You can also interactively get more info on a particular input:

>>> task.inputs.enable_acomp
Port enable_acomp:
   type: string
   description: Enable/disable AComp. Choices are 'true' or 'false'. Default is 'true'.
   required: False
   Value: None

Task Outputs

Task outputs can be interactively explored the same way as task inputs:

>>> task = gbdx.Task("AOP_Strip_Processor")
>>> task.outputs
data
log

>>> task.outputs.log
Port log:
   type: directory
   description: The output log directory

Linking Task Inputs and Outputs

The goal of the workflow system is to enable complex workflows with automagic data movement between tasks. This can be done as follows:

task1 = gbdx.Task("AOP_Strip_Processor")

task2 = gbdx.Task("Some_Other_task")
task2.inputs.<input_name> = task1.outputs.<output_name>.value

Running a Workflow

A GBDX workflow is a set of tasks with inputs and outputs linked appropriately. Note that in gbdxtools, a workflow object is instantiated with a list of tasks. The tasks will get executed when their inputs are satisfied and ready to go. Here is an example of a workflow which consists of the AOP_Strip_Processor task followed by the SaveToS3 task.

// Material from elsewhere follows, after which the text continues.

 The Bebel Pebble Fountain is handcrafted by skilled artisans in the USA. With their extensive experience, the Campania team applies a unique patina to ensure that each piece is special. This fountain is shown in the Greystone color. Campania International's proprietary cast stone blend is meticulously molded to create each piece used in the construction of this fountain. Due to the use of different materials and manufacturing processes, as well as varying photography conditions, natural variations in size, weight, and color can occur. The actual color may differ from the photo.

data = "s3://receiving-dgcs-tdgplatform-com/054813633050_01_003" # WV02 Image over San Francisco
aoptask = gbdx.Task("AOP_Strip_Processor", data=data)

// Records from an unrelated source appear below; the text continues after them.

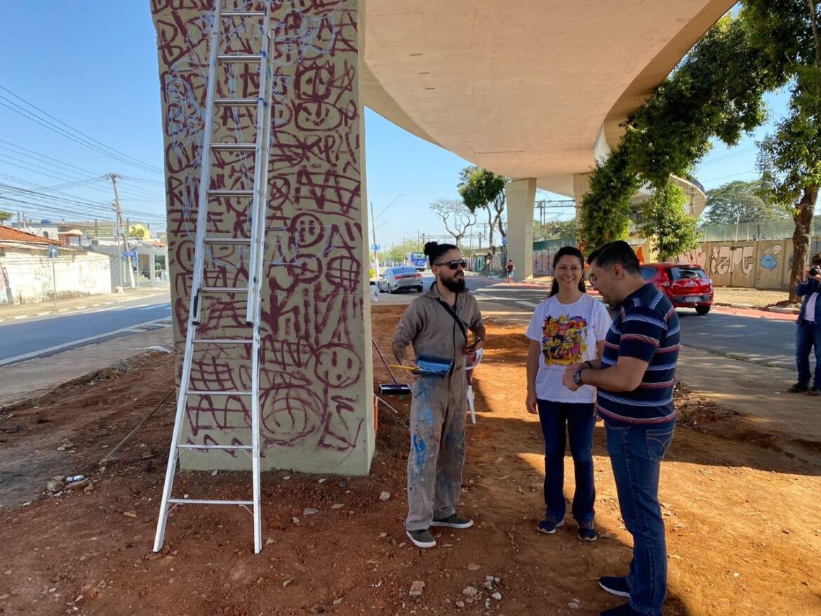 Prefeito de Suzano acompanha pintura de murais no viaduto Ryu Mizuno
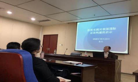 2020年10月23日下午,應四川外國語大學翻譯學院和當代國際話語體系研究院的邀請,中國外文局原副局長王剛毅先生應邀在圖書館二樓會議室為我校師生做了題為“抗疫實踐對我國構建國際話語的啟示”的學術講座。本場講座由我校翻譯學院院長、博士生導師胡安江教授主持。眾多本校和外校的老師學子慕名而來,座無虛席。
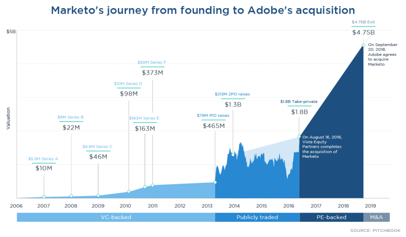 ADOBE-MARKETO DEAL: Adobe is acquiring Marketo, a marketing software company, from Vista Equity Partners for $4.75 billion, in hopes that the company will beef up its marketing tools to better compete with Salesforce and Oracle. Vista acquired Marketo for $1.8 billion in 2016. Below is a graphic on Marketo’s extensive deal history, thanks to our friends at PitchBook.

s3task = gbdx.Task("SaveToS3")
s3task.inputs.data = aoptask.outputs.data.value
s3task.inputs.destination = "s3://path/to/destination"
s3task.inputs.access_key_id = "<your-temporary-s3-access-key>"
s3task.inputs.secret_key = "<your-temporary-s3-secret-key>"
s3task.inputs.session_token = "<your-temporary-s3-session-token>"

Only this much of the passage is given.